Добавить в цитаты Настройки чтения

Страница 18 из 23

Получалось, что «Сын отечества» стремился преодолеть характерную для XVIII столетия модель многонациональной империи[177]. В патриотическом угаре, порожденном наполеоновской оккупацией, судьба национальных и религиозных меньшинств в России была забыта. Националистическая риторика балансировала на грани дозволенного, все время рискуя вторгнуться в область полномочий монарха. Шишков с его органицистскими метафорами при описании государства уже приготовил для этого почву: эти метафоры предполагали, что царь должен воплощать волю народа, а не потакать собственным устремлениям, пользуясь абсолютной властью[178].

В своем первом номере «Сын отечества» предупреждал Наполеона о том, что «восстает народ твердый и воинственный, во всех пределах своих, поклявшись умереть за Отечество или истребить тебя»[179]. Это заявление, почти революционное по тону, удивляет прежде всего тем, что оно обходит молчанием роль царя как лидера борьбы с Наполеоном.

Все приведенные выше высказывания объединял не только тезис о том, что пожар был вызван действиями французской армии, но и весьма секулярное понимание истории, согласно которому пожар явился следствием различных имманентных исторических факторов – будь то гнев Наполеона, моральный облик французов или социально-политическая система, возникшая после революции. Однако эта секулярная логика часто смыкалась с более широкими провиденциалистскими нарративами, пытавшимися ухватить значение событий и, следовательно, указать и на их конечные причины с отсылкой к Божественному предопределению. Сам Шишков не преминул указать, что несчастья, обрушившиеся на Москву, в действительности демонстрировали Божие благоволение, поскольку явились предупреждением о вреде французского влияния, способного развратить русские души, а это могло бы стать куда большим злом, чем материальный урон, нанесенный Москве[180]. Как писал он одному из своих друзей, «Бог не наказал нас, но послал милость свою к нам, ежели сожженные города наши сделают нас Рускими»[181]. Идея, что руины способствуют обретению «русскости», показывает, до какой степени Шишков, в своем стремлении утвердить национальную идентичность, изобретает традицию, представляя ее умозрительным возвращением к вере предков.

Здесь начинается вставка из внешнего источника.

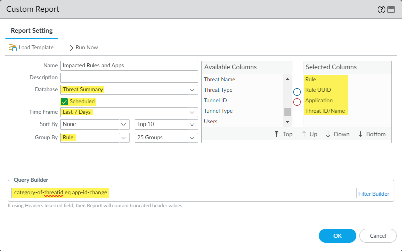 - Define the Time Frame for the report (Last 7 Days is generally recommended; however, also consider using a time frame most relevant since you downloaded and installed the latest Application and Threats content update, which contain TSIDs).

С его точки зрения, основой «русскости» было отправление православных ритуалов и церковнославянский язык, который он рассматривал как начало, объединяющее высшее сословие и простой народ. Такой примордиалистский акцент на конфессиональных и языковых составляющих национальной идентичности в ущерб общественным и государственным факторам предваряет последующую роль культурных символов в развитии русского национализма[182].

«Русский вестник» занял близкую Шишкову позицию, но с гораздо большим упором на верности монарху. Сожжение Москвы указывало на Божественное благоволение, поскольку «подвергнув Россию нашествию иноплеменников, Бог и во гневе был нам Отцом; Он вразумил Руских»[183]. Далее автор этой статьи (а это, скорее всего, был сам редактор журнала Сергей Глинка) противопоставляет руины Москвы кризису нравственности, к которому приводит подражание французской моде и образованию, и представляет все так, будто бы иноземное влияние разрушило некогда целостное и крепкое здание российской морали[184]. Критика французского влияния была главным коньком «Русского вестника» с самого начала его издания в 1808 году, даже в те годы, когда дружба с наполеоновским режимом была официальной политикой правительства. Однако «Русский вестник» настаивал, что только абсолютистское основание российского самодержавия гарантирует соответствие целям Провидения. Поскольку в России правит помазанник Божий, преданный служению Отчизне, от подданных требуется только послушание и служение ему: «Александр Первый вручает дело Свое Провидению; и мы вручим Ему души и сердца наши»[185]. Однако, веруя, что само Провидение вмешивается в человеческие дела, Глинка полагал, что «Москва была не сдана Наполеону, а отдана на суд божий», то есть была наказана за свое легкомыслие[186].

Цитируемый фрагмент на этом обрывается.